7. Data breach reveals Catwatchful 'stalkerware' is spying on thousands of phones
This TechCrunch article reports on how a bug in an Android spyware app called Catwatchful led to the exposure of thousands of customer personal data (email addresses and plaintext passwords), including the those of the application’s administrator. The article notably highlights the dubious role played by such spyware applications. The application is marketed as a child monitoring app. At the same time, it claims to be undetectable on the phone, and allows the person who installs the app to have access to the phone owner’s photos, messages and real-time location. In reality, the biggest client base for Catwatchful are people who engage in non-consensual surveillance of their romantic parters, and who install the app on their partner’s phone. Apps like Catwatchful have been termed “stalkerware” or “spouseware” for this reason. The article reports that the Catwatchful data leak exposed data for 62’000 customers and phone data from 26’000 victims.
8. Fears AI fact-checkers on X could increase promotion of conspiracy theories
X announced that it is going to use large language models for writing community notes, in place of humans.
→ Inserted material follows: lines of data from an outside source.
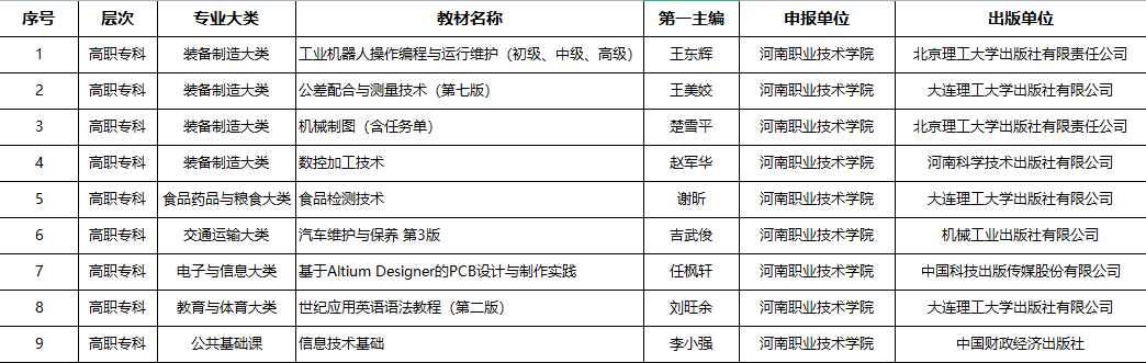 6月30日,教育部印发《教育部办公厅关于公布首批“十四五”职业教育国家规划教材书目的通知》,河南职院9种教材名列其中,教材入选数量在省高职院校中位列前茅,这是学校继获得首届国家优秀教材奖后的又一重大成果,也是学校“双高”建设重大标志性成果。
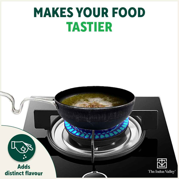 100% Pure Sheet Iron Tadka Pan with Stainless Steel Handle, Pre-seasoned, Toxin-free, Induction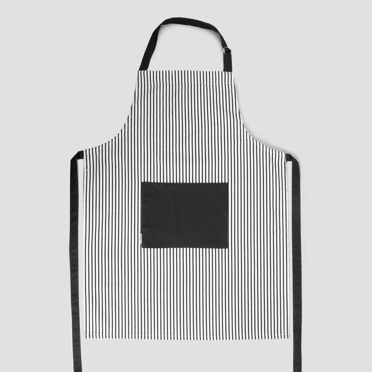 FASKO | Küchenschürze | Schwarz-Weiß gestreift, 60x80 cm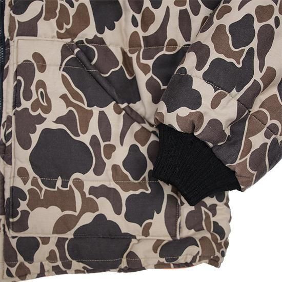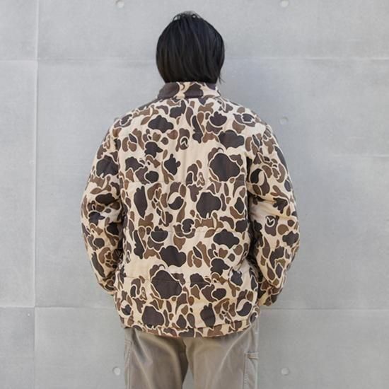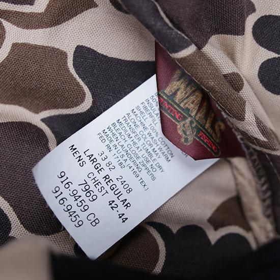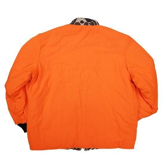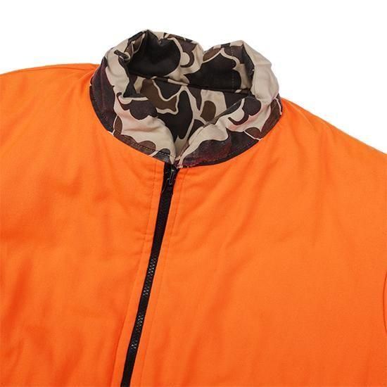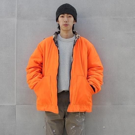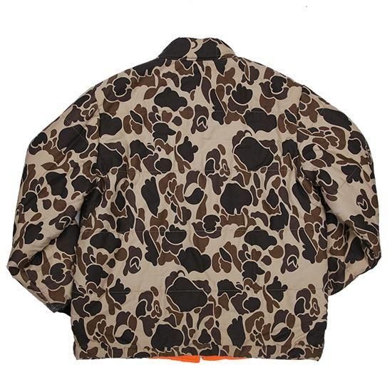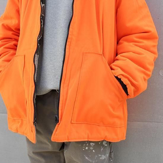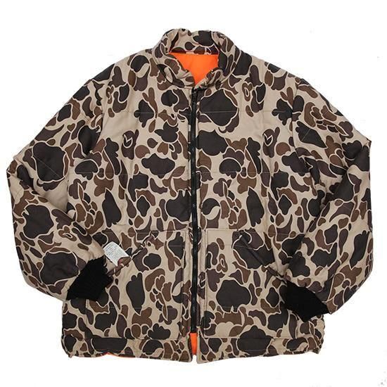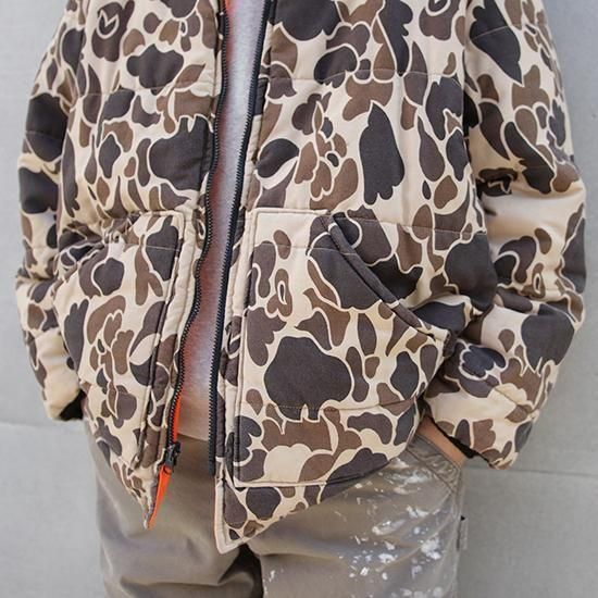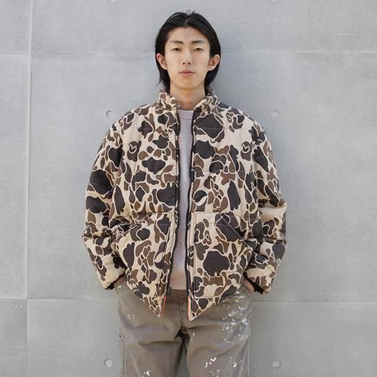 1990年代 ウォールズ/リバーシブルキルティングジャケット アメリカ製 アメリカの老舗ワークウェアブランド"ウォールズ" ハンティング仕様のダックハンターカモxハンターオレンジのリバーシブル。 生地は軽めでしっかり入った中綿、見た目ほどの重さは無く軽い着心地。 やっぱりうれしいアメリカ製。 (ダックハンターカモ面) 素材:コットンキャンバス (オレンジ面) 素材:コットン50%xポリエステル50% 中綿:ポリエステル 腰ポケット、袖先リブ カラー:ブラウンダックハンターカモxオレンジ コンディション:ユーズド *オレンジ面に薄ヨゴレあり 表記サイズ:L 胸囲 132cm/背丈 74cm/肩幅 52cm/袖丈 66cm 着用モデル身長:179cm その他のワークジャケットはこちらから

Community notes are fact-checking explanations that are added to contentious posts. For X, using AI for this purpose “advances the state of the art in improving information quality on the Internet”. Social media has been a vector of misinformation and political polarization, so the role of fact-checking is important. X has nonetheless criticized professional fact-checking as slow and wrote that it “lacks trust by large sections of the public”. The Center for Countering Digital Hate analyzed several hundred X posts in the run-up to the 2024 presidential election and found that accurate community notes were not being displayed in three-quarters of cases. Misleading posts included claims that Democrats were bringing in illegal voters and that the 2020 presidential election was stolen. These posts received more than 2 billion views. A former UK minister says that use of AI to write notes can lead to “the industrial manipulation of what people see and decide to trust”. Elsewhere, Meta announced in January that it was getting rid of human fact-checkers in the US. Google announced fact-checks created by a professional organization would no longer be prioritized in search results because these were “no longer providing significant additional value for users”.
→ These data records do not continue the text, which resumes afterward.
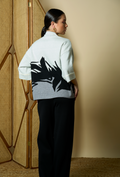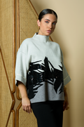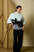 Cropped oversized color-block knit sweater off white and grey, black sequin appliqués and a turtleneck.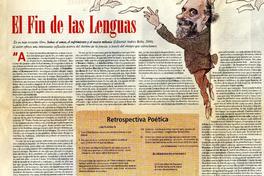 El fin de las lenguas. [artículo] El Mercurio (Diario : Santiago, Chile)-- Agosto 28, 2000, página 6-7 (Suplemento "Revista de Libros") 1 página : ilustración en color. .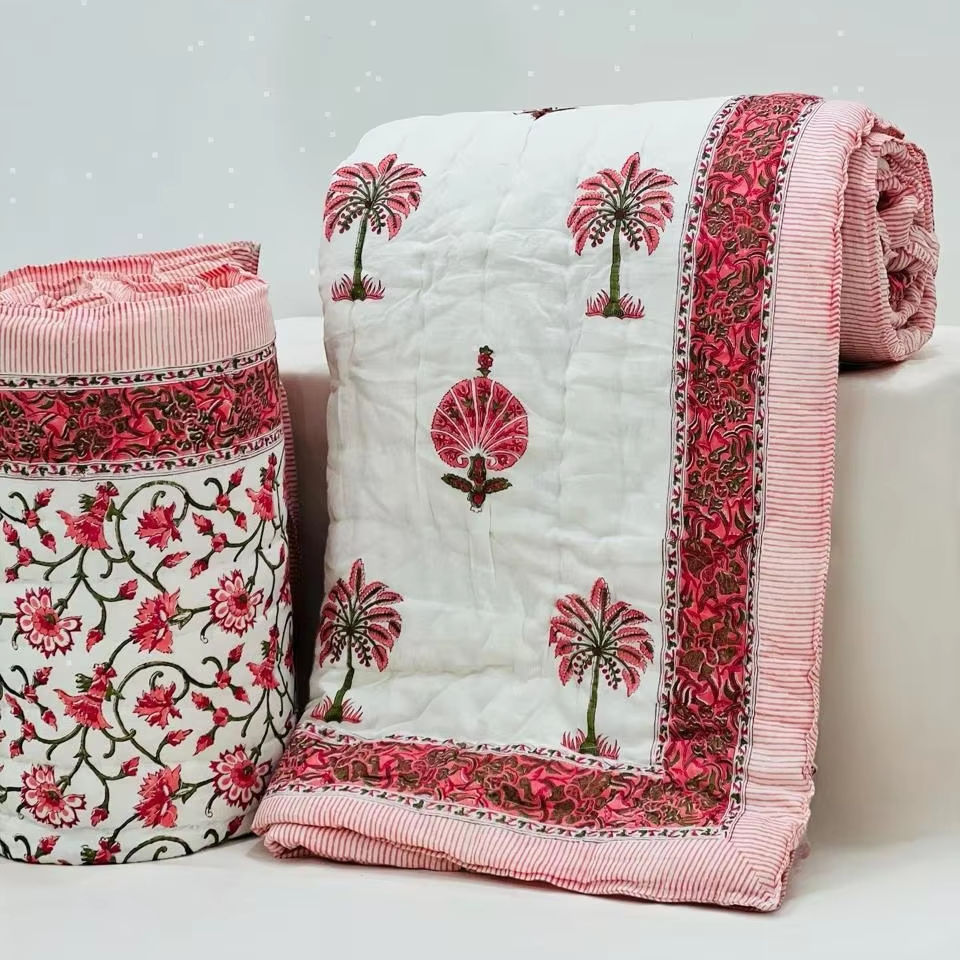 Handmade Jaipuri Indian Cotton Reversible Quilt Floral Hand Block Print AC Comforter Breathable Quilted Bed Cover Bedspread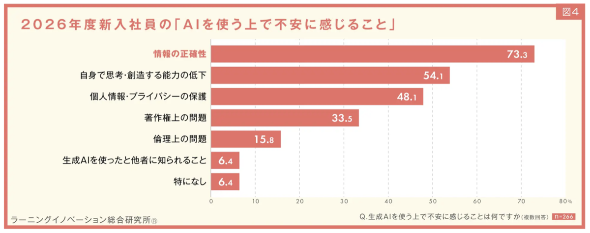 AI利用の不安については「情報の正確性」が73.3%で最も高く、「思考・創造力の低下」54.1%、「プライバシー」48.1%、「著作権」33.5%が続いた。

9. Google Cloud donates A2A to Linux Foundation
The Linux Foundation has announced the creation of the Agent2Agent project. The partners include Cisco, SAP, ServiceNow, Google, Microsoft, Amazon Web Services, and Salesforce. The goal of the project is to develop an open and interoperable ecosystem for AI agents. The Agent2Agent (A2A) protocol is already supported by over 100 companies. Its aim is to allow agents to discover each others’ capabilities, securely exchange information, and coordinate complex tasks. In addition to the protocol itself, the Agent2Agent project will oversee the development of software development kits and other tools. The goal of entrusting the stewardship of the project to the Linux Foundation is to ensure that A2A tools remain vendor-agnostic. The Github site for the project is here.